Note: This could take a few minutes.
neural_models.fit(
X = X_train,
y = y_train)
5. Get the average accuracy for each hyper-parameter.
neural_avg_scores = neural_models.cv_results_["mean_test_score"]
6. Display the average accuracy for each hyper-parameter.
for i in range(0, 5):
print("{:>3} : {:0.3f}"
.format(neural_params[i], neural_avg_scores[i]))

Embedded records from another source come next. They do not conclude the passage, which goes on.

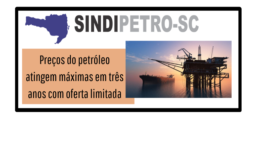 Preços do petróleo atingem máximas em três anos com oferta limitada
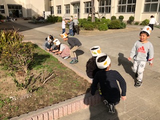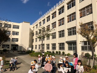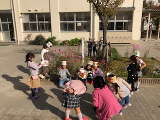秋見つけで見つけた枯葉を画用紙に貼り付けて冠にした子どもたち!みんな笑顔で、これ見て!これいいやろ!と楽しそうでした!見ているだけで、こちらもウキウキ気分でした!子どもたちは中庭から学習園、体育館裏からひょうたん池へと足を伸ばして、実りの秋を楽しみました!
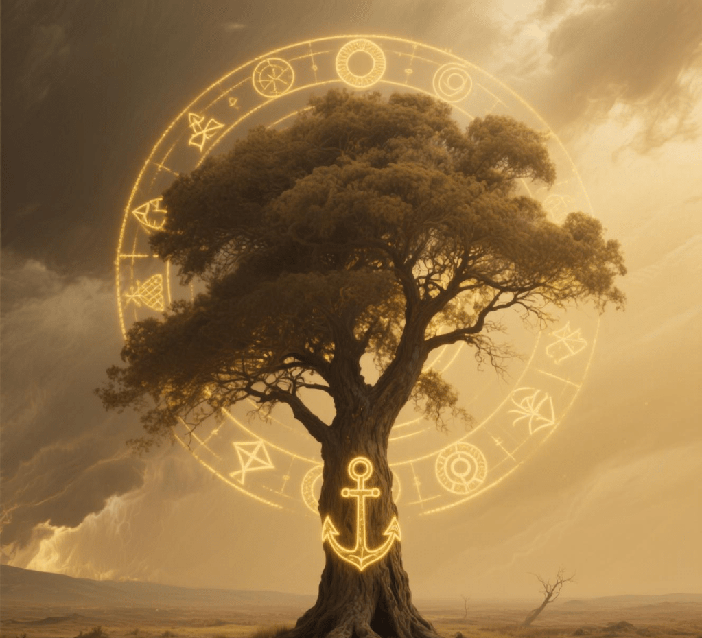 The Final Anchor: The final image. Not a person, but a single, ancient tree in a desolate landscape. The tree is etched with glowing, golden symbols of universal laws. It has weathered all storms not by fighting, but by being true to its nature, an eternal anchor of truth.

7. Plot the change in accuracy over each hyper-parameter.
plt.plot(
neural_params,
neural_avg_scores)
plt.xlabel("Hidden Layer Nodes")
plt.ylabel("Accuracy")
plt.show()
8. Get the hyper-parameter, average accuracy, and standard error for the top-performing model.
neural_top_index = np.argmax(neural_avg_scores)
neural_top_param = neural_params[neural_top_index]
neural_top_score = neural_avg_scores[neural_top_index]
neural_top_error = neural_models.cv_results_["std_test_score"][neural_top_index]
9. Inspect the statistics of the top-performing 10 models.
print("Top nnet model is k = {:d} at {:0.2f} +/- {:0.3f} accuracy"
.format(neural_top_param, neural_top_score, neural_top_error))
1. Compare the top three performers numerically.
print("KNN: {:0.2f} +/- {:0.3f} accuracy"
.format(knn_top_score, knn_top_error))
print("Tree: {:0.2f} +/- {:0.3f} accuracy"
.format(tree_top_score, tree_top_error))
print("NNet: {:0.2f} +/- {:0.3f} accuracy"
.format(neural_top_score, neural_top_error))
2. Compare the top-three performing models visually.
plt.errorbar(
x = [knn_top_score, tree_top_score, neural_top_score],
y = ["KNN", "Tree", "NNet"],
xerr = [knn_top_error, tree_top_error, neural_top_error],
linestyle = "none",
marker = "o")
plt.xlim(0, 1)
3. Question: Which model would you choose based on this information?
1. Create a final model based on the top-performing algorithm and hyper-parameter.
final_model = DecisionTreeClassifier(
max_depth = 3)
2. Train the final model using the entire training set.
final_model.fit(
X = X_train,
y = y_train)
6. Predict the labels of the test set using the hold-out test set.
final_predictions = final_model.predict(X_test)
7. Get the final prediction accuracy.
final_score = accuracy_score(
y_true = y_test,
y_pred = final_predictions)
8. Inspect the final prediction accuracy.
print(final_score)
Question to be answered: Is Jack (from the Titanic) a high risk or low risk policy?
1. Create an input feature for Jack.
X_jack = pd.DataFrame(
columns = ["Gender", "State_Rate", "Height", "Weight", "BMI", "Age"],
data = [[1, 0.09080315, 183, 75, 22.4, 20]])
2. Predict the risk class of Jack.
final_model.predict(X_jack)[0]
3. Predict the probablility that Jack belongs to the above risk class.
final_model.predict_proba(X_jack)[0][1]
4. Question: Would you offer life insurance to Jack?